6 października zainaugurowano obecnie trwające rozgrywki PlusLigi. Runda otwarcia przyniosła spodziewane wyniki i powiało nudą, bo jak inaczej skomentować fakt braku jakiejkolwiek, nawet najmniejszej niespodzianki. Była to jednak cisza przed burzą, bo już kolejna kolejka poważnie zmąciła oczekiwaną hierarchię.
Pierwszą sensację sezonu sprawili siatkarze AZS Politechniki Warszawskiej. Akademicy z Warszawy zaskoczyli ekipę Jastrzębskiego Węgla, niczym zima drogowców. Dysponujący znacznie większym budżetem jastrzębianie, po efektownym zwycięstwie nad Effectorem Kielce, przyjechali do Warszawy w roli zdecydowanego faworyta do zgarnięcia kolejnych trzech punktów. Mocno się jednak zdziwili, bo wyjechali ze stolicy bez chociażby jednego oczka. Wynik poszedł w świat, a komentarze były jednoznaczne. To bardziej Jastrzębski Węgiel zawiódł, niż Politechnika pokazała klasę.
Weryfikacja owej tezy nastąpiła jednak szybciej, niż się wszyscy spodziewali, bo już w następnej kolejce. Opromienieni zwycięstwem nad "górnikami" z Jastrzębia podopieczni Jakuba Bednaruka pojechali do Bydgoszczy powalczyć z Delectą. Ku zdziwieniu miejscowych fanów, zrobili to samo, co w poprzednim pojedynku. Wygrali za trzy punkty. Od tej pory już nikt zwycięstw Politechniki nie nazywał nawet niespodzianką.
Czwarta runda spotkań sezonu zasadniczego nie przyniosła wprawdzie zaskakujących rezultatów, zaskoczyła jednak dobra gra w zespole Dariusza Daszkiewicza. Po planowej wygranej w poprzedniej kolejce z teoretycznie najsłabszą w tej chwili ekipą z Częstochowy, siatkarze Effectora pojechali do Olsztyna, zobaczyli halę Urania i pokonali Indykpol.
Minął kolejny tydzień i oczy kibiców w naszym kraju skierowały się w sposób szczególny na rywalizację dwóch par. W Bydgoszczy Delecta podejmowała Asseco Resovię Rzeszów, zaś do Jastrzębia zawitali siatkarze PGE Skry Bełchatów. Fani po raz kolejny w tym sezonie uraczeni zostali niespodziewanymi wynikami, bo zarówno mistrzowie, jak i wicemistrzowie Polski wracali do domów bez punktów.
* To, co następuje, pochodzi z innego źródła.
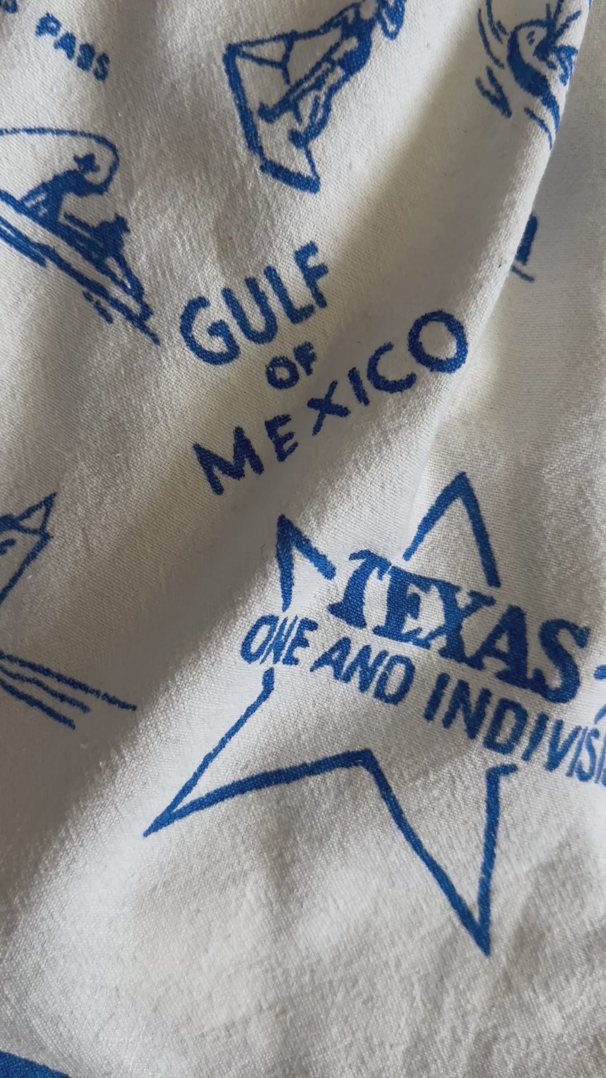 Upcycled from a vintage cotton tablecloth featuring a map of the Lone Star State. Sleeves, collar, and back panel from hemp, linen, cotton blend. Side pockets. Seams are chain-stitched and serged. YKK zipper front closure. Cinched elastic waist.

Prawdziwe trzęsienie ziemi siatkarska Polska przeżyła jednak 10 listopada. Podopieczni Andrzeja Kowala gościli drużynę Wkręt-metu AZS Częstochowa. Ekipa spod Jasnej Góry nie zdobyła do tego pojedynku ani jednego punktu, wygrywając tylko jednego seta w potyczce przeciwko drużynie Lotosu Trefl Gdańsk. Resovia rywali jednak nie zlekceważyła, a przynajmniej tak to wyglądało w pierwszych dwóch partiach. Później nastąpił wstrząs, którego efektem były gwizdy rzeszowskiej publiczności po zakończeniu meczu, przegranego przez aktualnych mistrzów Polski w stosunku 2:3.
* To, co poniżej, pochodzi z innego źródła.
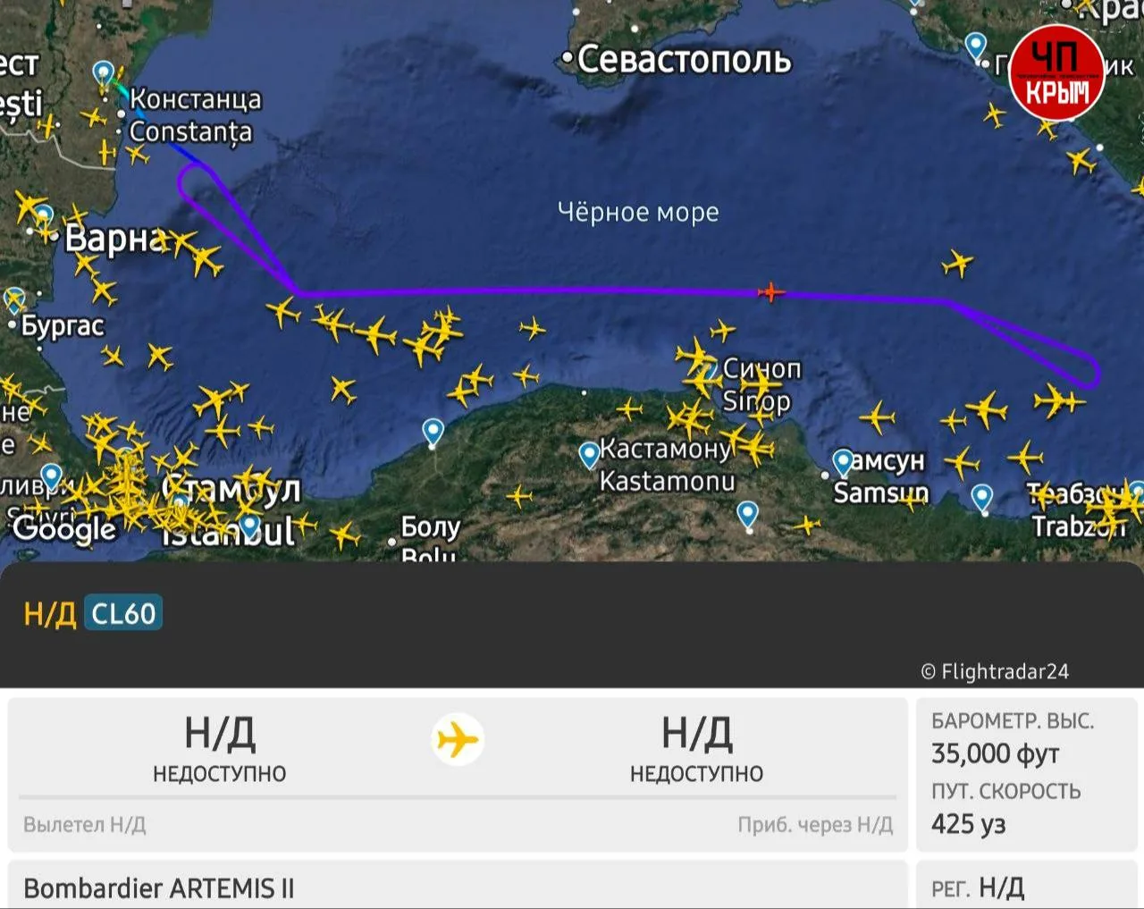 ЧП/Крым сообщает , что самолет-разведчик НАТО ведет агрессивное исследование над акваторией Черного моря

Za nami 1/3 sezonu zasadniczego, a kibice na brak emocji i niespodziewanych wyników narzekać nie mogą. Bardzo wysoka pozycja Politechniki Warszawskiej czy Effectora Kielce, nierówna gra Resovii Rzeszów i Jastrzębskiego Węgla oraz trzy porażki z rzędu Skry Bełchatów to zapowiedź, że nudno nie będzie w dalszym ciągu. Na dole tabeli też możliwe są przetasowania, a każdy może wygrać z każdym. Walka o najlepszą czwórkę oraz ósemkę trwać powinna więc do samego końca i o to chodzi.